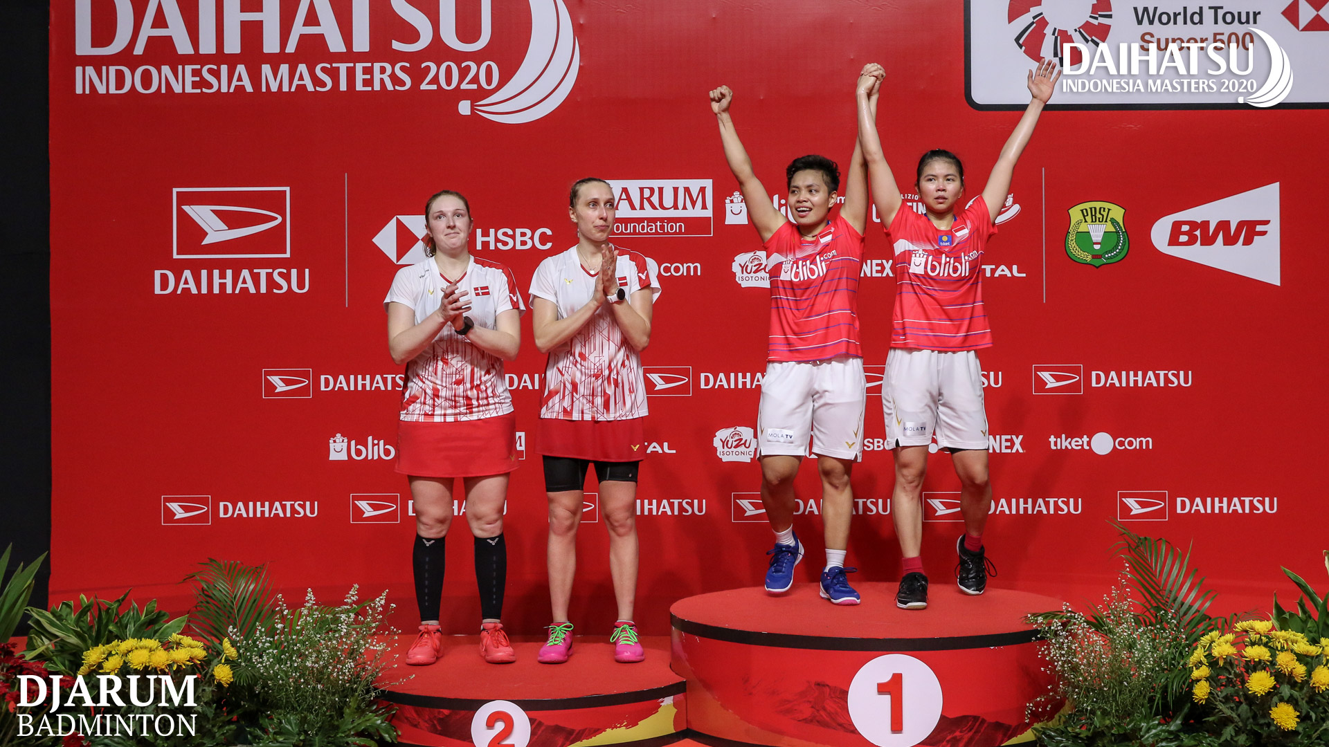 Podium Runner Up Maiken FRUERGAARD/Sara THYGESEN (Denmark) dan Juara Ganda Putri Greysia POLII/Apriyani RAHAYU (Indonesia) Daihatsu Indonesia Masters 2020
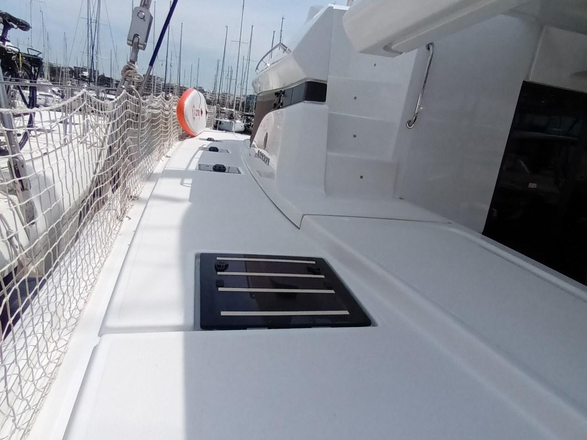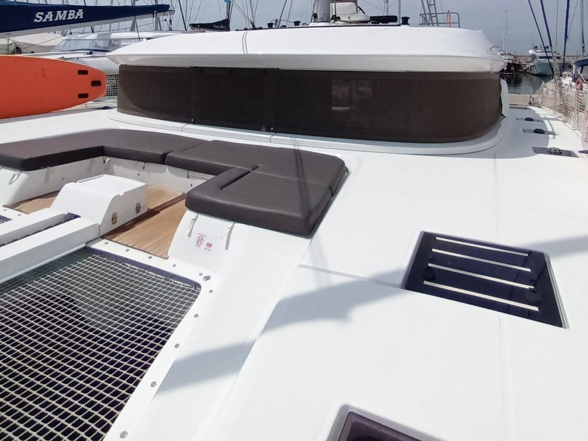 Engine Alarm, Bilge Alarm, Alternator, 2 Anchor (45kg con 90m - con 20m), Water pressure pump, Deck Shower, Tender Crane, Washbasin in the cockpit, Outboard engine for tender (6 hp), Gangway (idraulica), Automatic Bilge Pump, Entry door, Teak Cockpit, Shorepower connector, Water harbor connector system, Electric Windlass, Strand rigging, swimming ladder, cockpit table, Tender (3.60m), Windex.
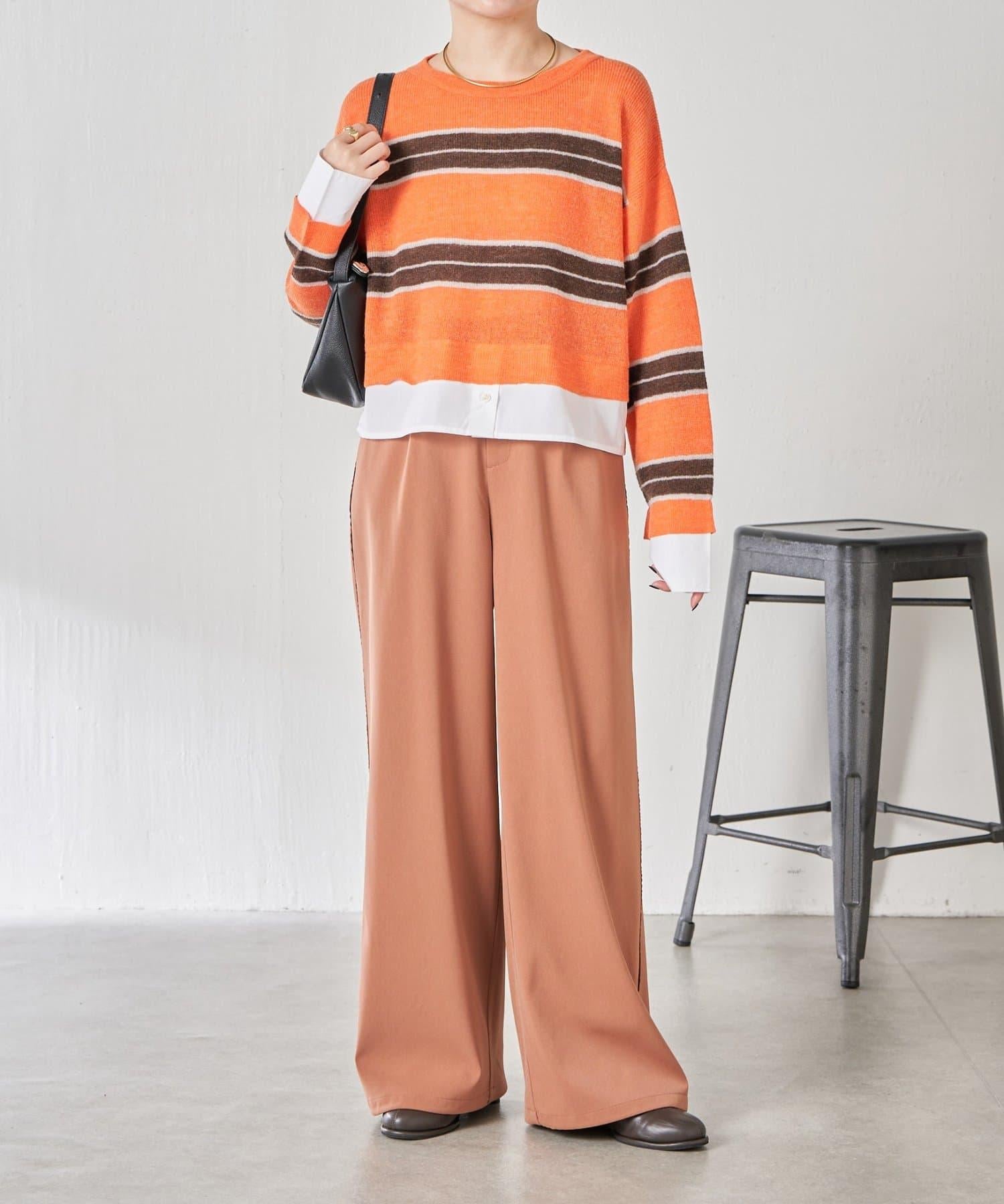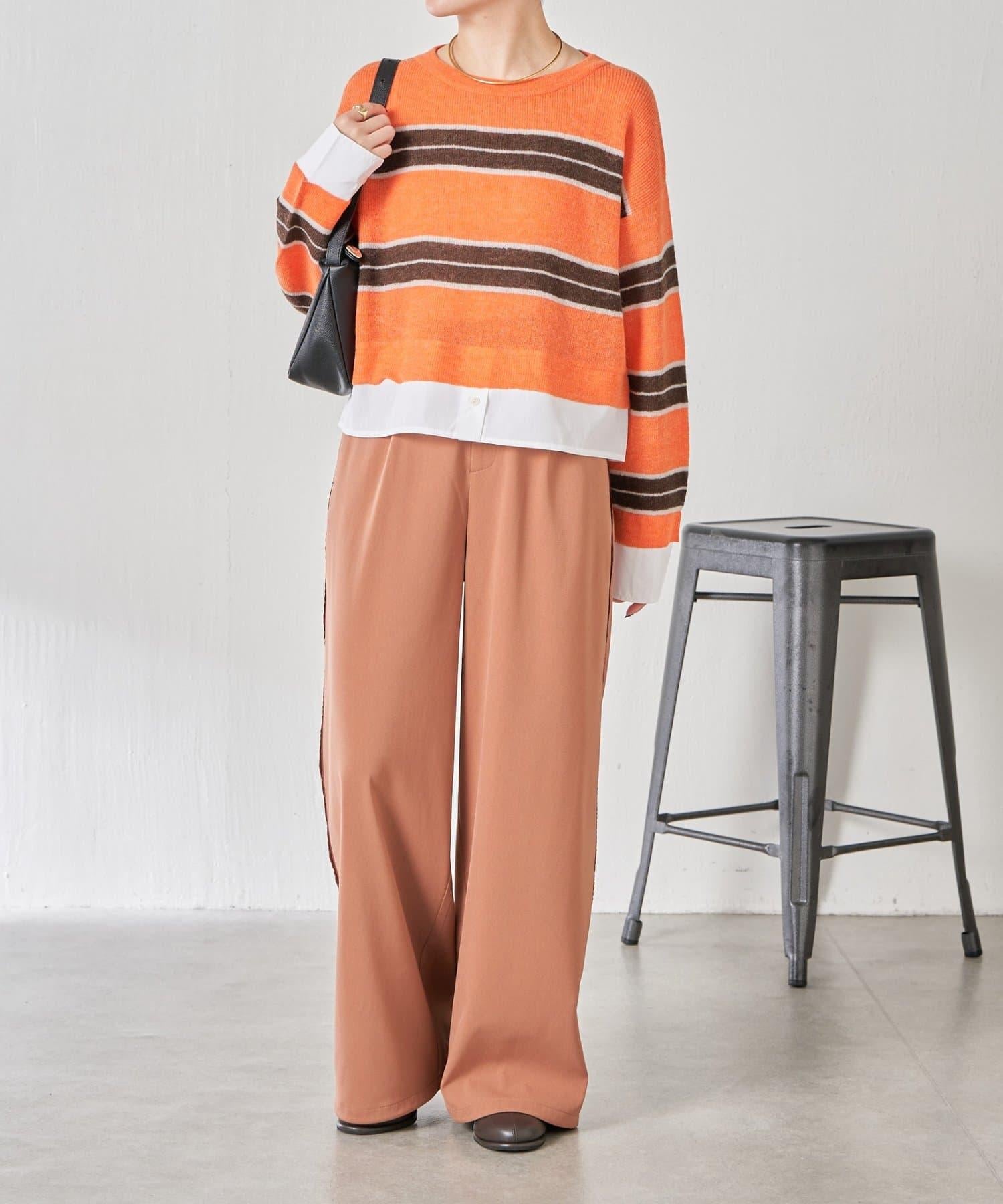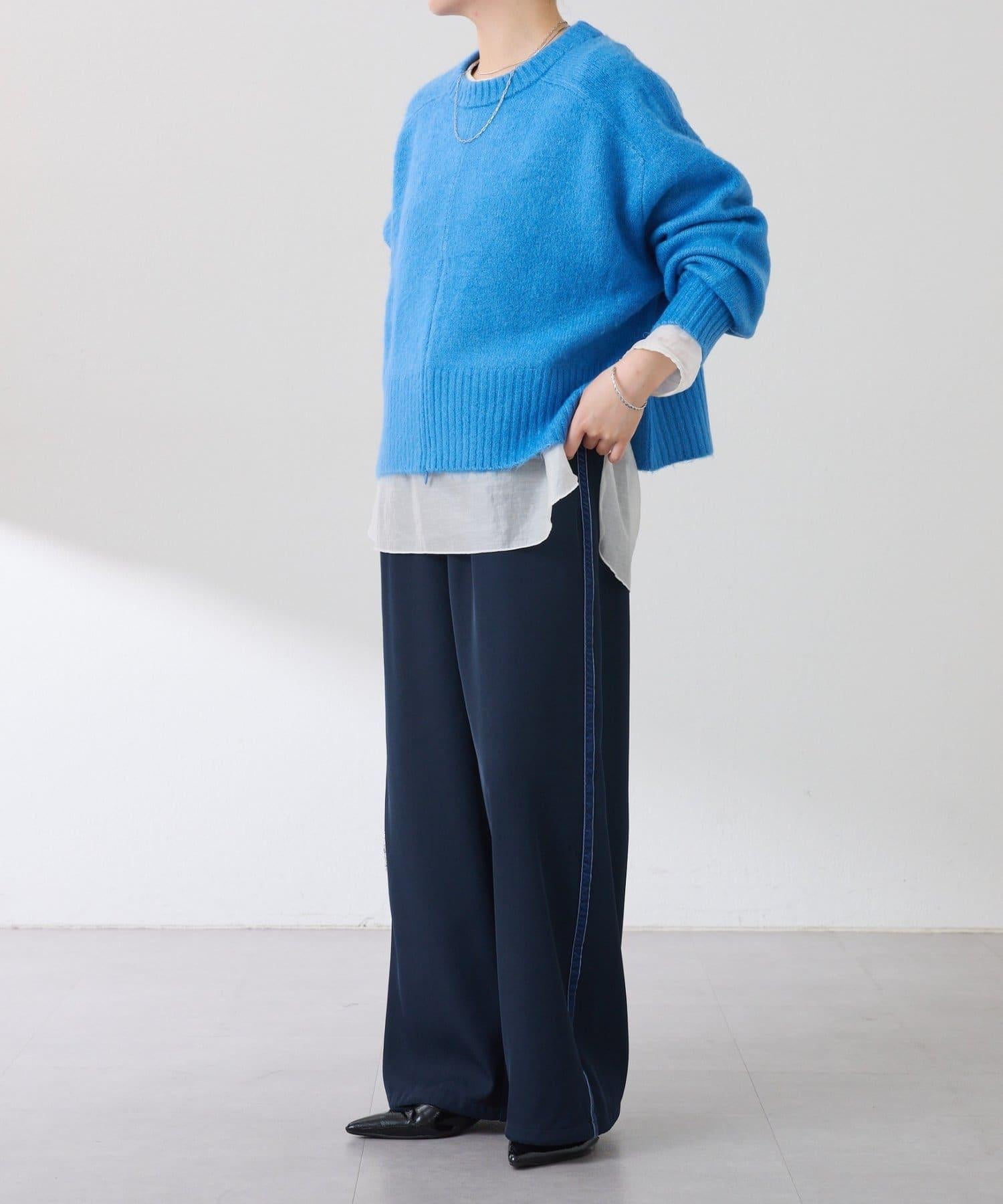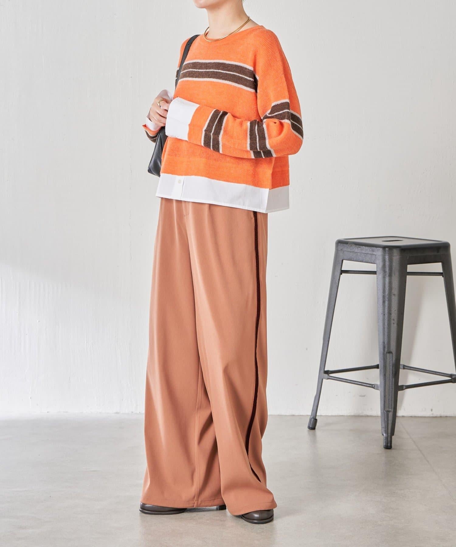寬大的褲型輪廓優美,但由於採用了具有墜落感的面料,因此不會顯得過於寬大。

━━━

- _Task_: Nothing but the pictures is to be left out; repeat the data exactly.

- _Task solution_:
 Podium Runner Up Maiken FRUERGAARD/Sara THYGESEN (Denmark) dan Juara Ganda Putri Greysia POLII/Apriyani RAHAYU (Indonesia) Daihatsu Indonesia Masters 2020
 Engine Alarm, Bilge Alarm, Alternator, 2 Anchor (45kg con 90m - con 20m), Water pressure pump, Deck Shower, Tender Crane, Washbasin in the cockpit, Outboard engine for tender (6 hp), Gangway (idraulica), Automatic Bilge Pump, Entry door, Teak Cockpit, Shorepower connector, Water harbor connector system, Electric Windlass, Strand rigging, swimming ladder, cockpit table, Tender (3.60m), Windex.
寬大的褲型輪廓優美,但由於採用了具有墜落感的面料,因此不會顯得過於寬大。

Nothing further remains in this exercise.